Criticism
Means-testing has been criticized on a number of grounds, the most fundamental of which is the distinction between a social program, which helps all equally or in proportion to their taxation, and a poverty program, which disproportionately helps the poor. For example, William Beveridge, in the Beveridge Report (blueprint for the UK's post-war social system) was opposed to means-testing, due to the poverty trap (below). Issues of a poverty program versus a social program include the following:
- Stigma
- A program benefiting only the poor may carry a stigma on its use and be demeaning; compare poverty food.
- Political support
- A program benefiting only the poor may lack broad-based political support, in contrast to programs that all share in. This can make it easier to reduce the benefits later.
- Redistribution
- Poverty programs transfer money from the rich to the poor, as they benefit the poor only but are paid for by the tax payers.

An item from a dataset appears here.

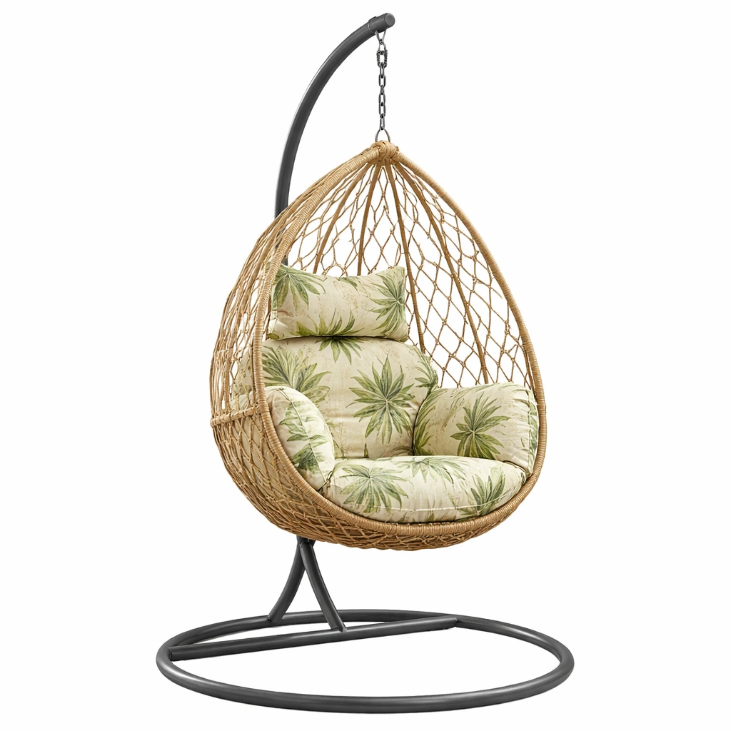 Altura total de la silla: 200 cm. Estructura principal de mimbre sintético con soporte de acero pintado. El material de relleno es espuma de poliuretano. Cojines incluidos con estampado de hojas verdes sobre tela beige. Capacidad de carga máxima de 120 kg. Resistente al agua. No resistente a los rayos UV.

Further objections to means-testing include the following:
- Poverty trap
- Means tests, particularly sharp cut-offs, create high effective marginal tax rates and can serve to keep people in poverty, both by removing social support as the person tries to escape poverty, and by discouraging such attempts by high costs. For example, asset-based limits, such as requiring an individual to have little or no savings to qualify, not only discourage saving (because of the cost of being disqualified from such savings) but also require a person to become completely destitute to qualify, thus meaning that they do not have any much-needed savings when attempting to escape poverty.
- Access
- Means tests, particularly complicated ones and ones that differ between programs and between different levels of government, complicate access to programs: individuals cannot easily know if they qualify and may also qualify for some programs but not others. In the absence of centralized outreach, the added complication of means tests means that some, perhaps many people who qualify for programs do not benefit from them.
- Administrative costs
- Means tests increase administrative costs (overhead), due to the work of verifying that the tests are satisfied. Some argue that these costs can offset or more than offset the savings by reduced payouts under means-testing.
- Entitlement/promises
- If means-testing is implemented in an existing program, particularly for which people have paid taxes but not benefited, as in pensions or medical insurance, the reduction in benefits can be seen as a breach of promise and entitlement of the program.